[Haskell] ANN: Reusable Corecursive Queues via Continuations
Leon Smith
leon.p.smith at gmail.com
Mon Jun 22 22:31:34 EDT 2009
In a purely functional setting, real-time queues are traditionally thought
to be much harder to implement than either real-time stacks or amortized
O(1) queues. In “Circular Programs and Self-Referential Structures,” [1]
Lloyd Allison uses corecursion to implement a queue by defining a lazy list
in terms of itself. This provides a simple, efficient, and attractive
implementation of real-time queues.
Now, control-monad-queue is available on hackage [2], which offers this
technique in a reusable library.

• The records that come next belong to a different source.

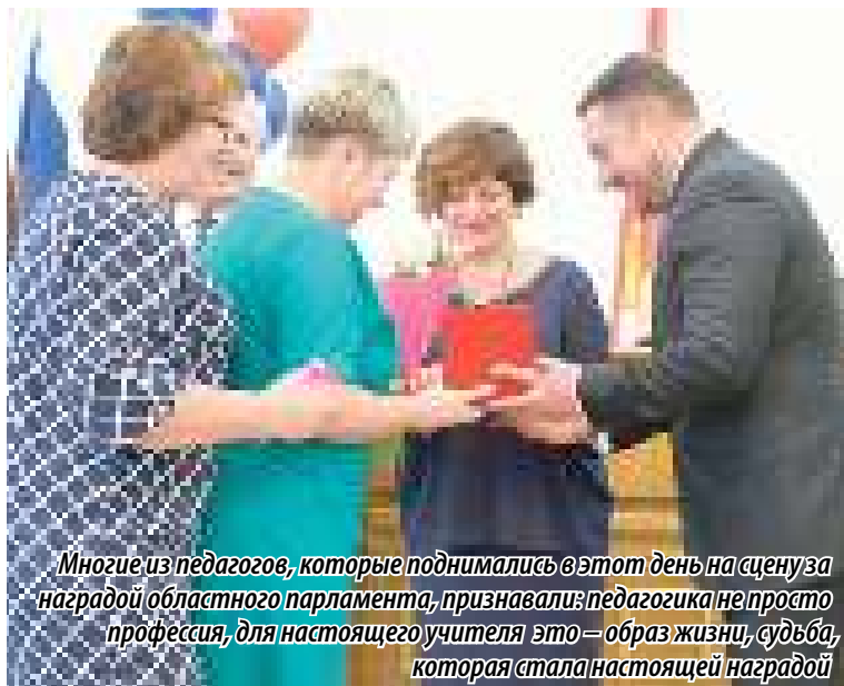
Многие из педагогов, которые поднимались в этот день на сцену за наградой областного парламента, признавали: педагогика не просто профессия, для настоящего учителя это — образ жизни, судьба, которая стала настоящей наградой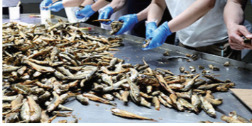
醴陵培菜火焙鱼加工现场。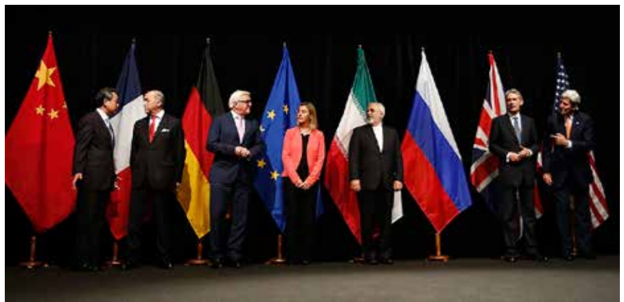
Abschluss Iran Verhandlungen. UNO. Wien, 14.07.2015.

Die Antworten: „Ich würde eine solche Vereinbarung stark unterstützen = 12,6%“, „Ich würde eine solche Vereinbarung etwas unterstützen = 31,1%“, „ich wäre etwas dagegen = 22,0%“, „Ich wäre stark dagegen = 32,1%“.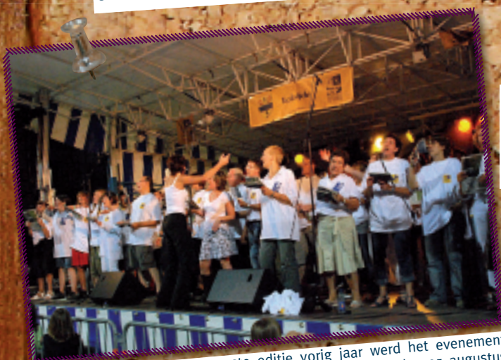
3. Na het succes van de eerste editie vorig jaar werd het evenement "Koksijde zingt" weer op de affiche geplaatst. Op zaterdag 25 augustus om 19 u. op het Theaterplein in Koksijde-bad. Onder de merknaam "Vlaanderen zingt" ging jong en oud weer uit de bol tijdens dit mas-sazangspektakel. Iedereen zong mee met de tijdloze klassiekers aan de hand van krantjes met de liedjesteksten.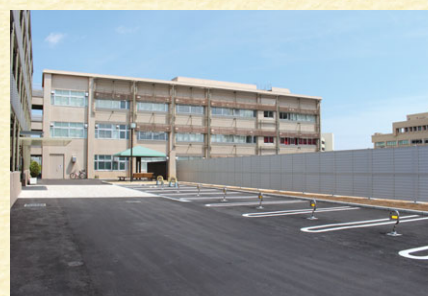
保健学科研究棟前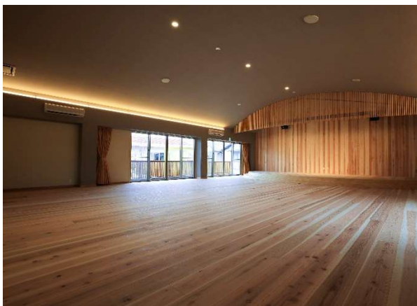
ホールの床・壁・ルーバーに天竜杉を使用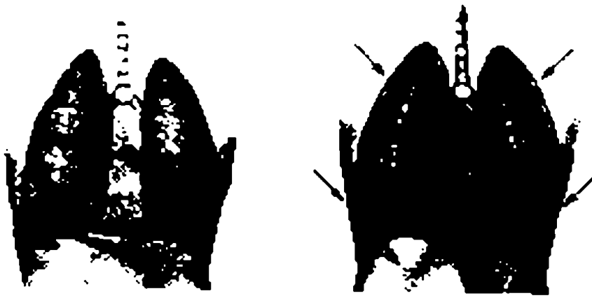
شكل الحجاب الحاجز أثناء عملية التروية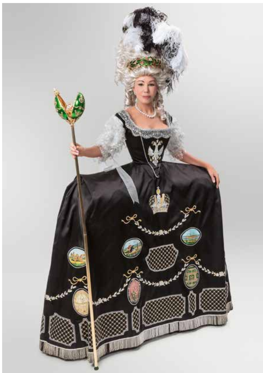
Robe de Pâques pour une tsarine ou l'hommage à Fabergé Costume: Jean Pierre Martinez, Maison Martin d'Autry Sceptre avec œuf: Michel Carel France, 2013

Des pièces uniques contemporaines richement ornées selon des modèles de jadis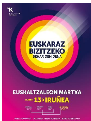
Instagram / Facebook / Whatsapp Jaitsi hemen

Sare sozialetarako formatu eta tamaina ezberdinetara egokitu dugu kartela. Jaisteko sakatu irudien gainean.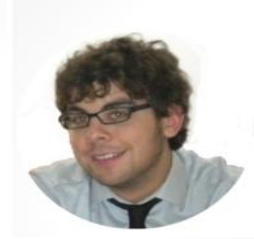
Canio Developer UI/UX Engineer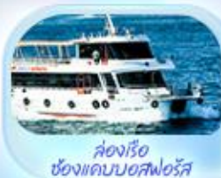
ล่องเรือ ช่องแคบบอสฟอรัส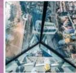
QINGDAO HAITIAN CENTER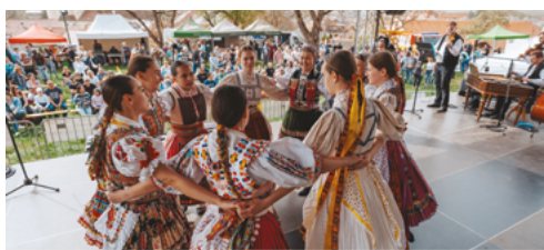
A nógrádi szlovák folklór a bozítai Dubkácik Hagyományőrző Együttes színvonalas műsorának köszönhetően öltött színpadi formát. Öröm volt látni hogyan kelnek újra életre az általuk összegyűjtött eredeti népviseletek. Bemutkozásukat a nagyszaltnai Podjavorská Muzika zenekar tette teljessé.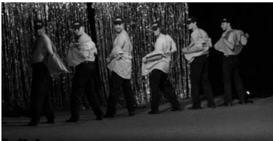
Z představení Donaha

syna a snaží se dohnat k zodpovědnosti i svého bývalého muže.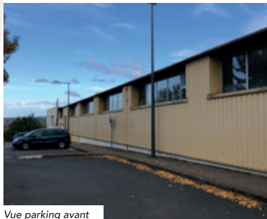
Vue parking avant

► Tennis : réfection du terrain intérieur et nettoyage complet du court extérieur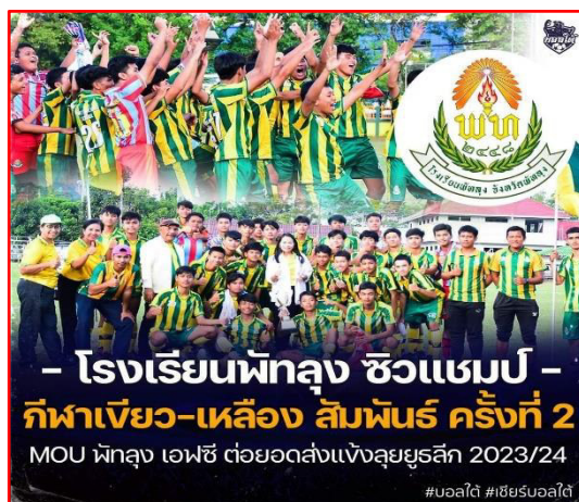
กิจกรรมรักกันแน่นเหนียว กลมเกลียวเขียวเหลือง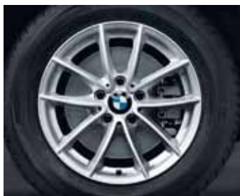
V spoke 304 kot zimski komplet koles, Dunlop SP Winter Sport 3D*, 225/60 R17 99 H za BMW X3.

Tudi pri temperaturah okrog 7° C in seveda vse kar je nižje, letne pnevmatike ne zagotavljajo več optimalnega oprijema, saj se kavčukova zmes strdi in ogrozi varnost. Originalni seti zimskih kompletov koles BMW z zimskimi pnevmatikami nudijo odlično zmogljivost z vidika oprijema, krmiljenja in obnašanja med vožnjo, kar zagotavlja skrajno obliko užitka v vožnji tudi na snegu in ledu.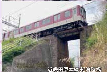
近鉄田原本線 船渡陸橋

As Allison's queue is not fully
persistent, it cannot be a first class value; rather they are encoded in
specific algorithms written in an extended continuation passing style, and
the use of continuations seems necessary in order to abstract the
corecursive queue operations.
Also, a substantially revised draft of the associated paper, "Lloyd
Allison's Corecursive Queues: Why Continuations Matter" is now available.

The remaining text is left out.